Funnies aside, I am making a point. Representation and specification are closely connected albeit in a complex relationship. By specification I mean the volume and granularity of the information that forms the representation, such as the resolution of the picture or the intricacy of the words used to adequately describe it. What resolution of image is necessary to be able to distinguish the thing, from another similar thing? Brace yourself!
Imagine a tiny Brick made of clay, a few millimeters in width in the palm of your hand. It is a Brick. Now imagine that we use a whole pile of those tiny Bricks to make a House Brick, which is typically made of clay and the width of your hand. Now use a pile of those House Bricks to build a 4 story Brick Shaped office block 100m wide.
Now stand back and point at the Brick! The thing that’s really a brick will be made of clay and be brick shaped. From the far side of the valley the building is the Brick, from the doorway the walls are Bricks, and focusing in on the doorbell, it’s surrounded by tiny Bricks. Some people will find that imaginary zooming easy, others not so much!

Don’t laugh at the idea, the adjacent picture is of the headquarters of a maple basket manufacturer from Newark called Longaberger courtesy of Wikipedia. A Metaphor of baskets made of baskets wouldn’t have worked, so just go with the analogy of tiny bricks. What something is, is certainly dependent on where you look at it from.
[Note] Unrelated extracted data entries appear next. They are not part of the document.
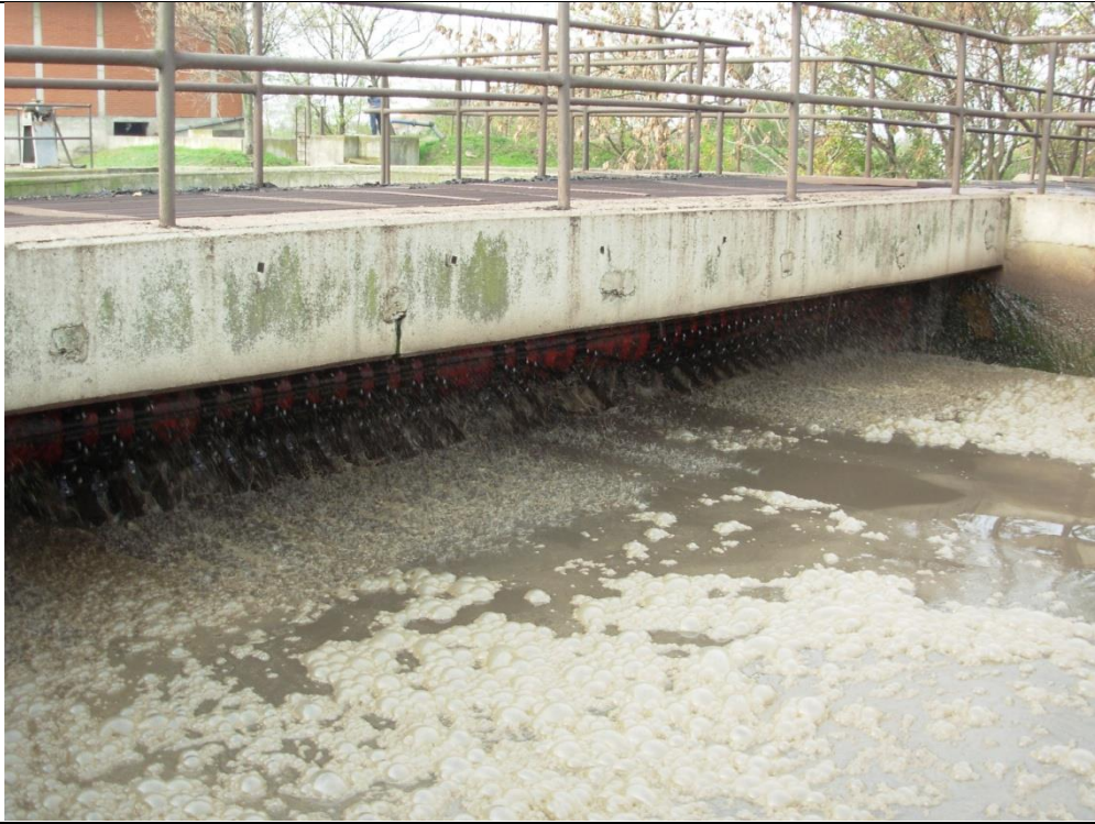
Слика 2. Фотографија једног мамут ротора (од 4 укупно)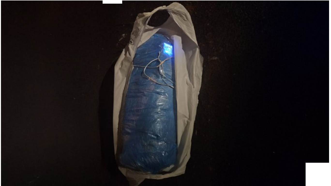
Замаскована вибухівка в пакеті.

"Я забрала, він мені сказав, десь на лавочку пройтися, дістати телефон з пакета. Взагалі там нічого, не чіпати. Була перемотана скотчем коробка. Він сказав, розірвати скотч, включити телефон, подивитися чи включений і покласти назад".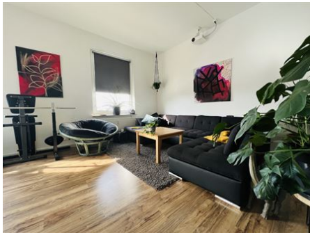
Offenes Wohnen | Essen | Leben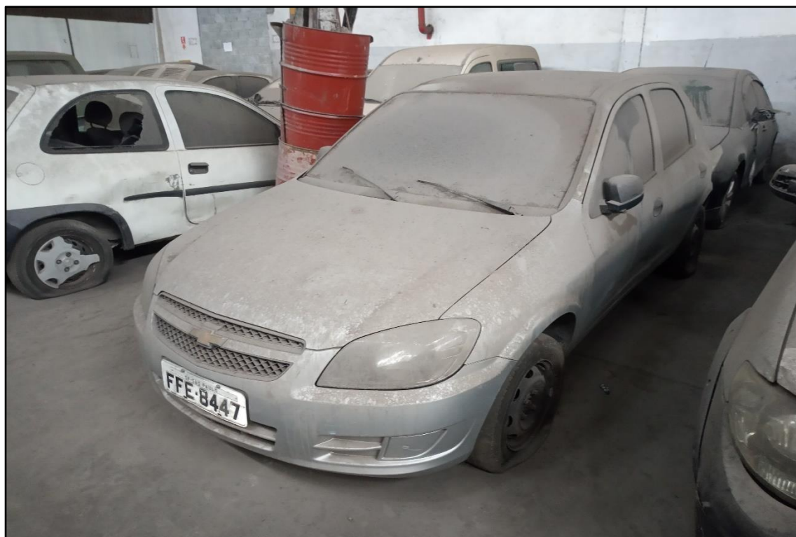
ITEM 1,004 - VISTA DO AUTOMÓVEL GM CELTA 1.0L LS PLACA: FFE-8447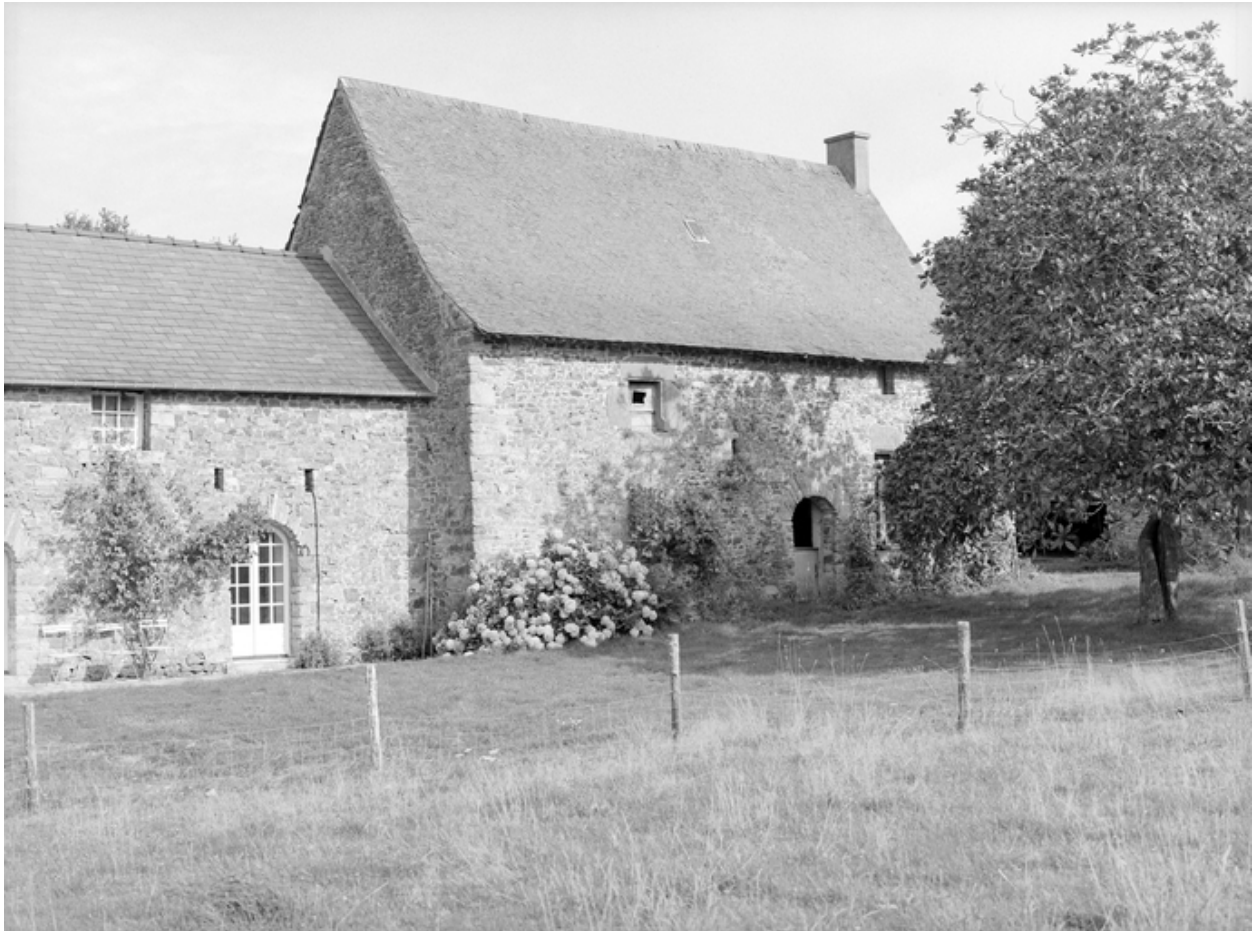
Ferme, vue générale du sud-est.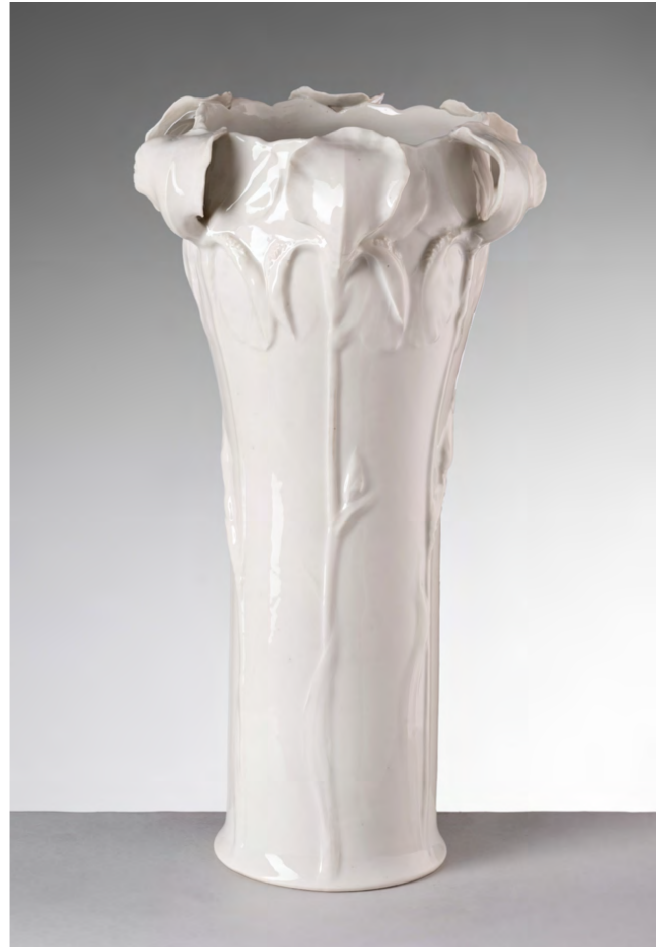
Fig. 7 Società Ceramica Richard-Ginori, Vaso con iris in rilievo, porcellana, 1902 circa, Sesto Fiorentino, Museo Ginori

While you think about that, have a cup of tea and imagine taking a small heat-proof handle, attaching it to one of those tiny bricks and stirring your tea with it. Bugger, is it still a Brick or is it now a spoon? I’ll leave function and effectiveness out of this for now.
Understanding things as they actually are is hard enough. Let alone replacing the thing itself with some words and pictures. Brick, more specification, house brick, more specification office block designed and built in the shape of a brick using house bricks made of tiny bricks (which they actually are microscopically speaking).
Most people get stuck here, at the simplest representations, confusing each other by getting wrapped up in words, before they’ve even considered how to represent something authentically, in a way that other people can understand.
So if the thing is not in the room and you need to represent it faithfully, my suggestion is that you use great pictures and a small number of unambiguous words that describe the thing as it is. Minimise any opinions and that’ll do, most of the time.
Feel free to consider this form of representation ontologically or even typologically, but before your brain blows, I think that’s enough!
One Representation down, four to go.